NEW YORK (WABC) -- Federal authorities are looking into whether the Turkish government benefited from donations to Eric Adams' 2021 mayoral campaign, sources say.
According to sources familiar with the case, then candidate Adams was asked by Turkish officials in September 2021 for help keeping the opening of the Turkevi Center, the 35-story new home of the Turkish Consulate on the East Side, on schedule. At that point, Adams had won the Democratic primary but was not yet elected mayor.
The building was said to be waiting for a temporary certificate of occupancy from the fire department, ahead of its scheduled grand opening later that month.
In a statement Sunday, Adams chalked this up to constituent services.
"As a Borough President, part of my routine role was to notify government agencies of issues on behalf of constituents and constituencies. I have not been accused of wrongdoing and I will continue to cooperate with investigators," the mayor's statement said.
According to sources, Adams received a text from a Turkish government official asking if he knew then-FDNY Commissioner Daniel Nigro. They say Adams reached out to Nigro on the matter, but it is not immediately clear whether he requested or directed him to do anything.
It is then said that Nigro texted back that the building would receive the required approval in time for a Sept. 20 opening. Turkish President Erdogan, in town for the United Nations General Assembly, presided.
"They believe he's got evidence of criminal activity on his phone," ABC News contributor Rich Frankel said. "He may be a witness, and it may not actually implicate him, but the fact that the FBI did it in that manner? Surprising."
In a statement, City Hall Chief Counsel Lisa Zornberg said the mayor and the team are continuing to cooperate with investigators.
"We hope that investigators will continue to cooperate with us and reprimand any federal officer who has improperly leaked details about this investigation as such conduct could prejudice the public and undermines the integrity of our law enforcement process," the statement said.
On Monday, Adams deflected questions about the investigation while praising the potential for electric helicopters.
"You have to be focused, no distractions, and grind," he said. "And that's what this administration is about, straight ahead."

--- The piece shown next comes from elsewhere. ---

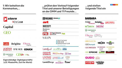 Alle weiteren Titel und Ableger werden verkauft oder eingestellt, hieß es weiter. Über den Verkauf der Beteiligung an der Deutschen Medien-Manufaktur (DMM) werde RTL Deutschland vertrauensvolle Gespräche mit dem Mitgesellschafter Landwirtschaftsverlag Münster aufnehmen. Auch für die Beteiligung an ‚11 Freunde‘ wird ein Verkauf geprüft.

This all comes after FBI agents seized the mayor's electronic devices, including two phones and an iPad, following an event last Monday night, apparently to retrieve the Sept. 2021 text message exchanges.
Mayor Adams confirmed on Friday that the FBI took his phone at the event.
"As a former member of law enforcement, I expect all members of my staff to follow the law and fully cooperate with any sort of investigation and I will continue to do exactly that. I have nothing to hide," Adams said.
Campaign attorney Boyd Johnson said Adams handed over the devices after learning "an individual had recently acted improperly."
"In the spirit of transparency and cooperation, this behavior was immediately and proactively reported to investigators," Johnson said, stressing that "the mayor has not been accused of any wrongdoing and continues to cooperate with the investigation."
The seizure of the devices, first reported by The New York Times, came days after federal agents searched the Brooklyn home of Adams' top campaign fundraiser, 25-year-old Brianna Suggs. That search prompted the mayor to cancel a planned trip to meet with White House officials in Washington and instead return to New York.
Suggs was home at the time of the raid on her house.
She was not arrested but it is possible she could be called at some point to testify before a grand jury.
Adams has said he will fully cooperate with investigators. The probe by federal authorities is looking into KSK Construction and whether the Williamsburg company, owned by Turkish immigrants, was improperly funneling Turkish money into the mayor's 2021 election campaign.
"I am outraged and angry if anyone attempted to use the campaign to manipulate our democracy and defraud our campaign," Adams said in a statement last week. "I want to be clear, I have no knowledge, direct or otherwise, of any improper fundraising activity and certainly not of any foreign money. We will of course work with officials to respond to inquiries, as appropriate as we always have."
Back in July, four people were charged in a scheme to raise money through straw donations for Adams' campaign. The defendants then intended to pressure the mayor's office for construction jobs.
Adams wasn't charged and a campaign spokesman said then "we would never tolerate these actions."
The former city buildings commissioner under Adams, Eric Ulrich, was also charged in September with using his position to dole out favors, including access to the mayor, in exchange for cash and other bribes.
Adams has distanced himself from both cases, which were brought in state court and did not directly implicate his campaign or administration.